*Exercise*
Retype exactly what appears below from the line containing "当前位置: 91家纺网 >" down to the line containing "65名隊員到達(dá)現(x", keeping both end lines. Do not include pictures.

*Dataset excerpts*
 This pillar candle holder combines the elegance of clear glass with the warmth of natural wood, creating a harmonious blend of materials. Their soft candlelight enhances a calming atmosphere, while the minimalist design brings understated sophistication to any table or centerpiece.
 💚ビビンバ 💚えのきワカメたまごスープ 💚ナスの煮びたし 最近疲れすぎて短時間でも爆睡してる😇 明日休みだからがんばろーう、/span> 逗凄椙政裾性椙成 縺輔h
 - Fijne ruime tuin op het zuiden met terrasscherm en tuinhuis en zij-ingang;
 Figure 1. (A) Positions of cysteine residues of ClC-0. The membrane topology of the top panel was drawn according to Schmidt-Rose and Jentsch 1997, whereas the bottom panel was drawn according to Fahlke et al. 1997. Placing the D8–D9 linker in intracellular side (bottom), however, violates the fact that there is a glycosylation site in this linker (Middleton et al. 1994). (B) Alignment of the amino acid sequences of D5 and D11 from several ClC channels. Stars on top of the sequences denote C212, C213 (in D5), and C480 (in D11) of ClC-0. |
==
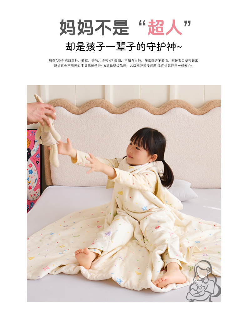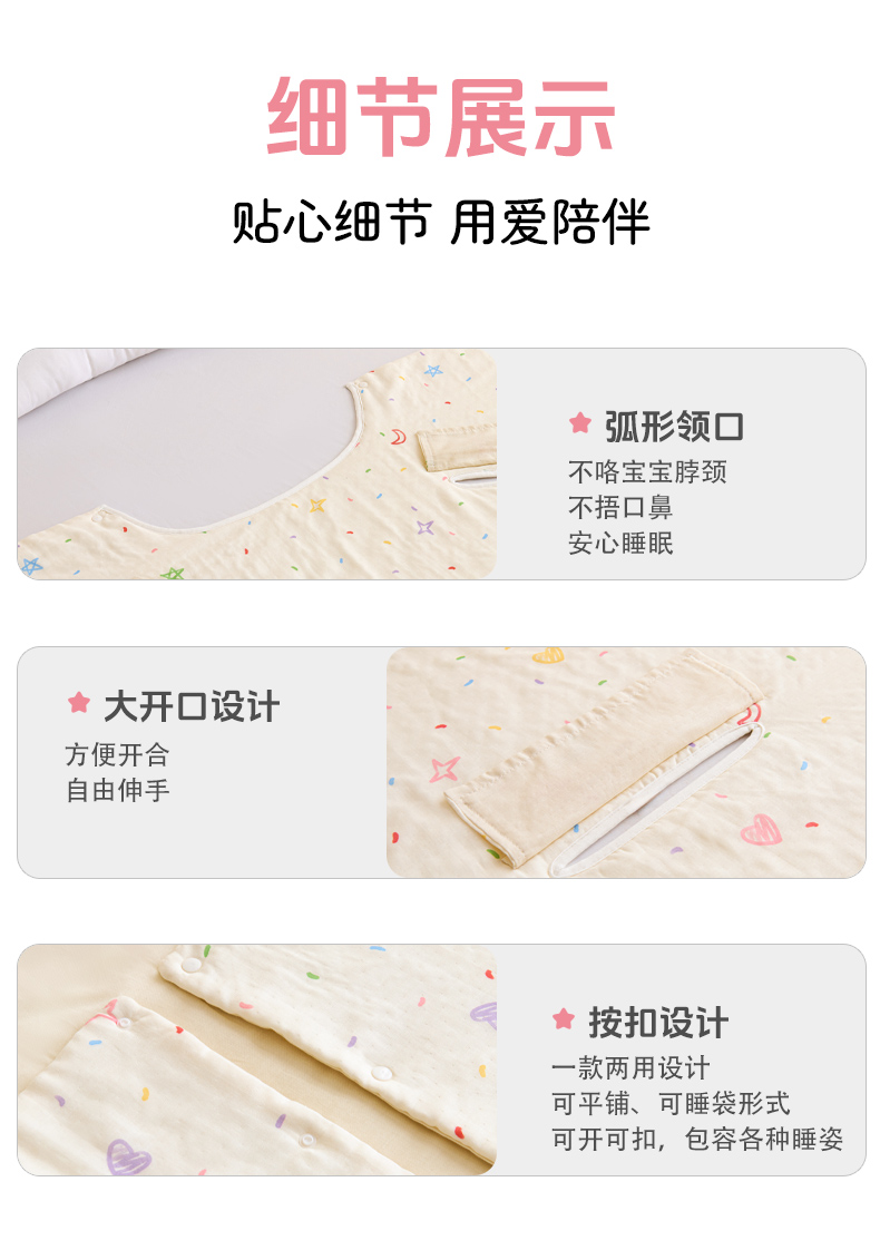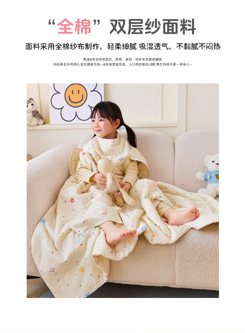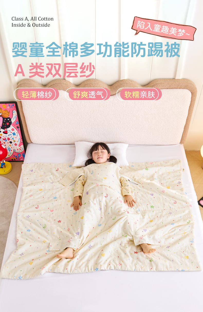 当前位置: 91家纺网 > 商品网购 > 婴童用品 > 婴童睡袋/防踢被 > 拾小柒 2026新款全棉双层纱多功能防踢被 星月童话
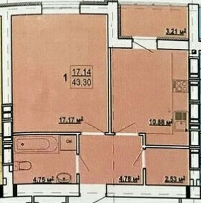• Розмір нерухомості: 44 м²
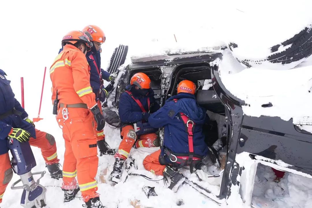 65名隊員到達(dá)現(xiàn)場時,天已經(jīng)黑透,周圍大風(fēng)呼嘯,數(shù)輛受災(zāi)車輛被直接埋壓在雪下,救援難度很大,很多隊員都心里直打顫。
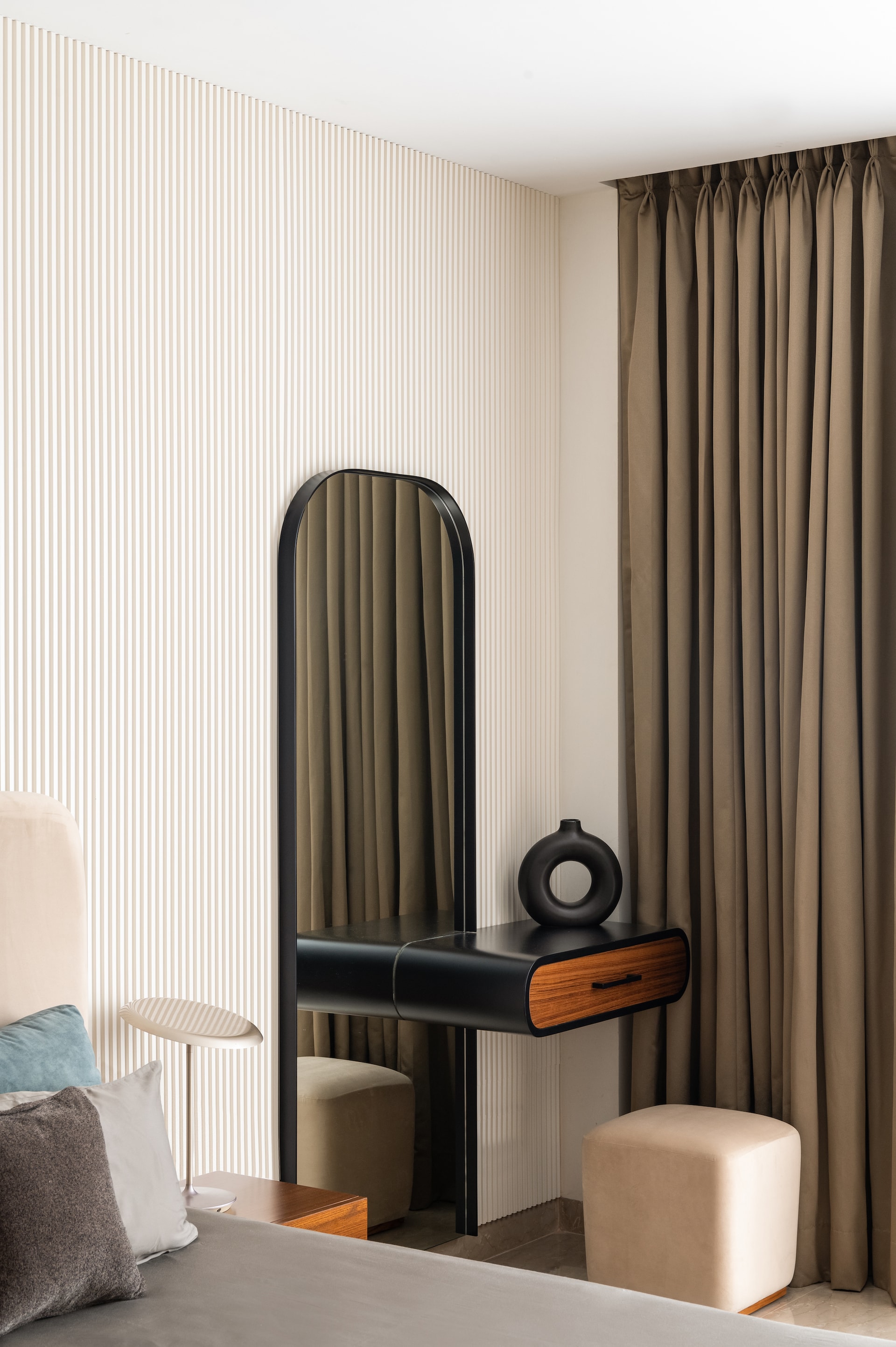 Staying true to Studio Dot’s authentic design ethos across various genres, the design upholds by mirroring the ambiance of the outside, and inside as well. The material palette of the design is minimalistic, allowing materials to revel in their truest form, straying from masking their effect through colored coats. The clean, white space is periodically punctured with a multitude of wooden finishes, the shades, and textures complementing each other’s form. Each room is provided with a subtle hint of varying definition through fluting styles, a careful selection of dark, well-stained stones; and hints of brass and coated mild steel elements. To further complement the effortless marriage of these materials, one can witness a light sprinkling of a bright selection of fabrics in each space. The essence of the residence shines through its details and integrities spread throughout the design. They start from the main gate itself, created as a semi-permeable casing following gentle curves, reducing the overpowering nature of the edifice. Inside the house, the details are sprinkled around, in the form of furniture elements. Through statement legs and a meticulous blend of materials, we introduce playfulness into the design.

*Your response*
 当前位置: 91家纺网 > 商品网购 > 婴童用品 > 婴童睡袋/防踢被 > 拾小柒 2026新款全棉双层纱多功能防踢被 星月童话
• Розмір нерухомості: 44 м²
 65名隊員到達(dá)現(xiàn)場時,天已經(jīng)黑透,周圍大風(fēng)呼嘯,數(shù)輛受災(zāi)車輛被直接埋壓在雪下,救援難度很大,很多隊員都心里直打顫。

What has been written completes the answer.